[WHAT THIS TASK INVOLVES] From the entries below, print exactly the span beginning with the line holding "- Authentic 1:36" and ending with the line holding "Wall Recessed/Insert Remote", endpoints included, and skip any pictures.

[RECORD SET]
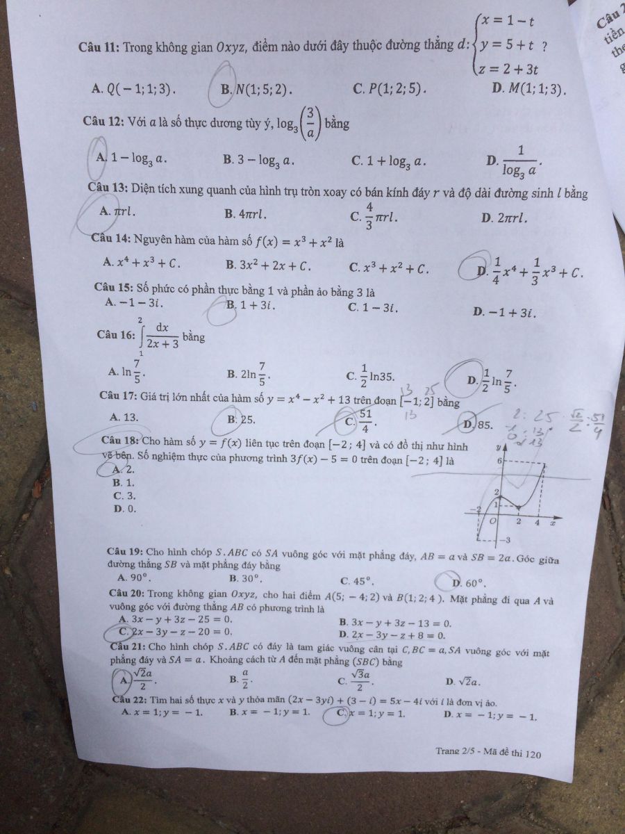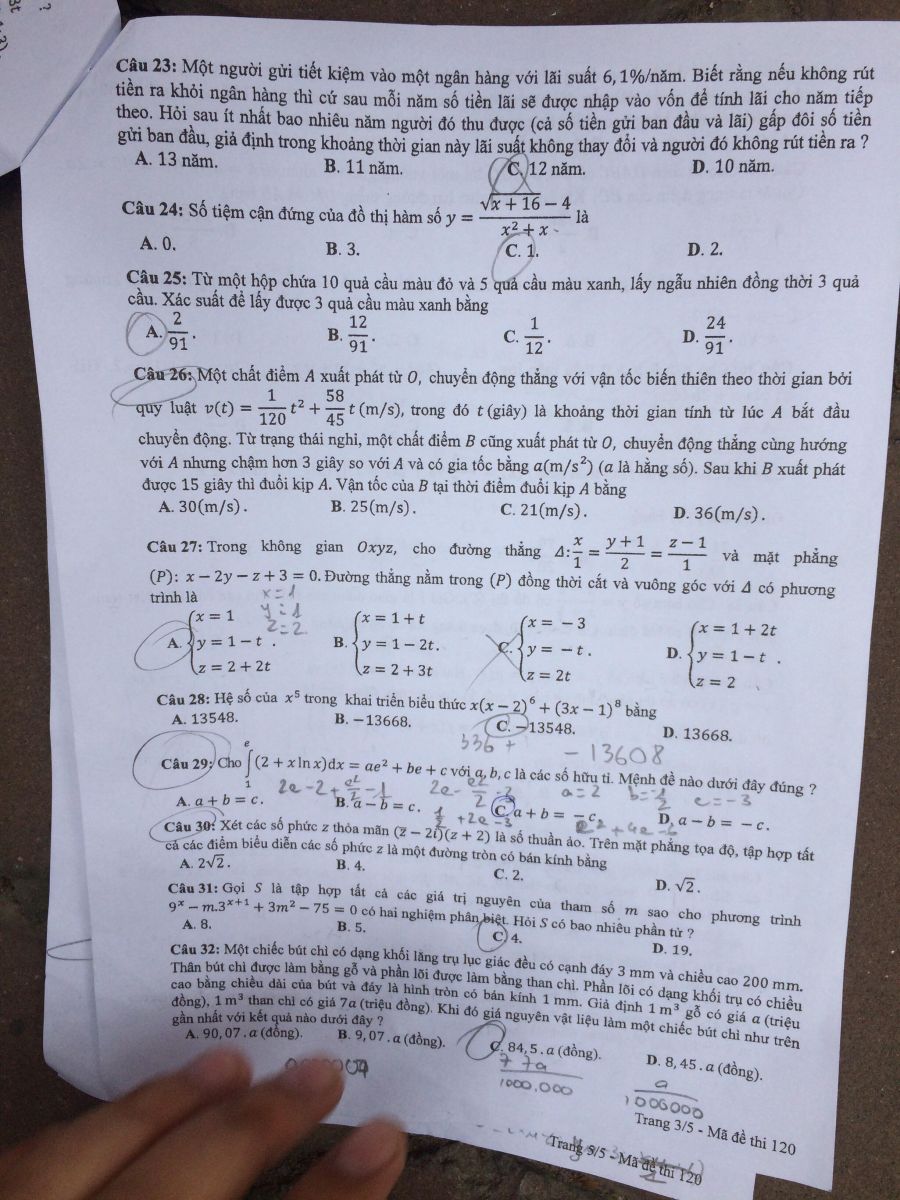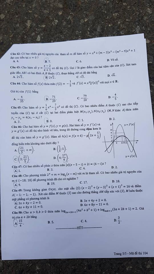 Đề thi môn Toán năm nay gồm 24 mã đề. Dưới đây là đề thi môn Toán THPT Quốc gia mã đề 120:
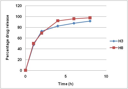 Fig. 5: In vitro release data of ranitidine HCl from floating micro particulates prepared using hydrogenated castor oil with and without the addition of PVP K90 and Aerosil® 200 combinations (H3, H8) in 0.1 N HCl (n=3) (average±SD)
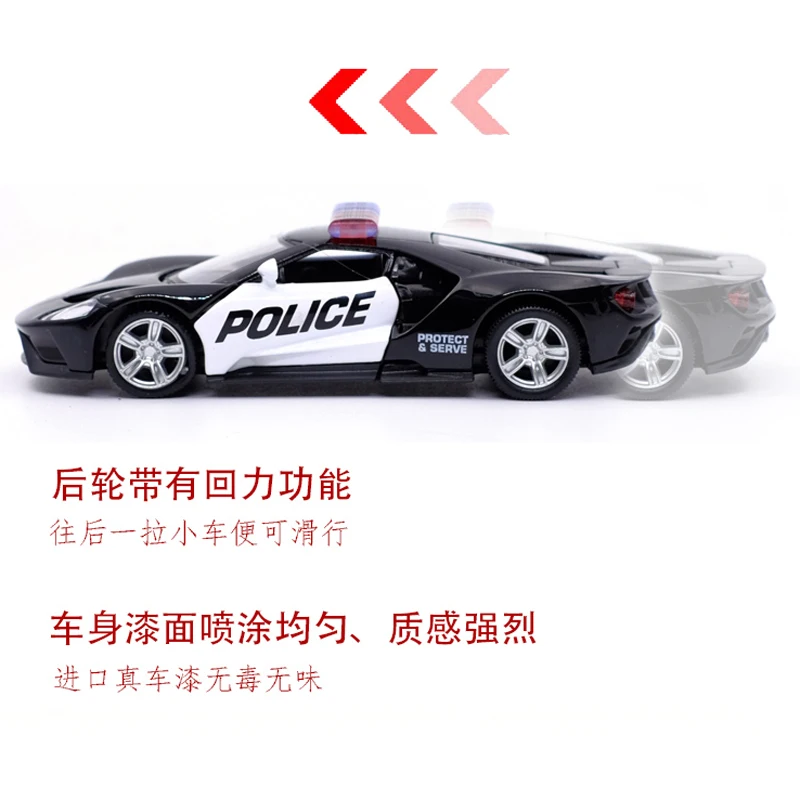 - Authentic 1:36 scale replica with intricate detailing, capturing the sporty and sleek design of the Ford GT police vehicle.
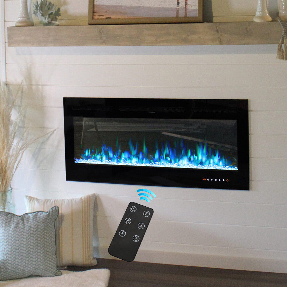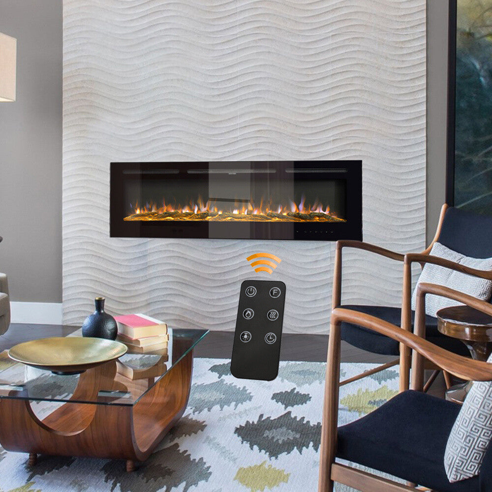 70" Electric Fireplace Heater 9 LED Flame Log Fire Wall Recessed/Insert Remote
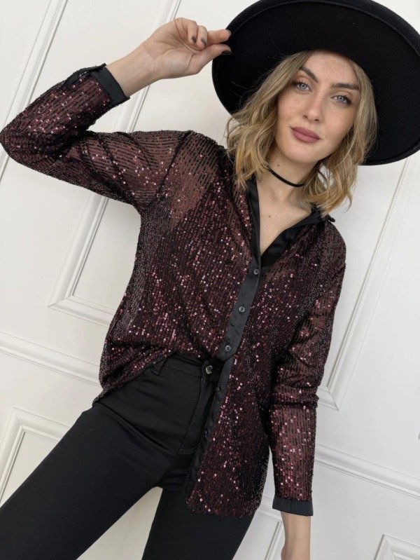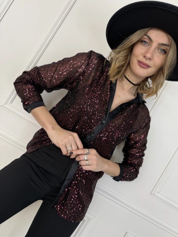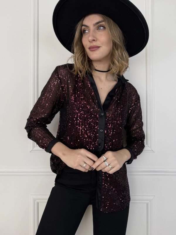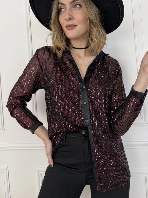 Camisa Cloe, confeccionada en paillette, esta camisa deslumbra con su brillo único, perfecto para destacar en cualquier ocasión especial. El diseño se realza con un cuello camisero clásico, mientras que las terminaciones al bies con raso aportan un toque sofisticado y delicado. Los puños y el cierre delantero con botones aseguran un ajuste cómodo y práctico, realzando la silueta con distinción. La Camisa Marlen es ideal para combinar con pantalones de vestir o faldas, logrando un look audaz y elegante.

[SOLVED PROBLEM]
 - Authentic 1:36 scale replica with intricate detailing, capturing the sporty and sleek design of the Ford GT police vehicle.
 70" Electric Fireplace Heater 9 LED Flame Log Fire Wall Recessed/Insert Remote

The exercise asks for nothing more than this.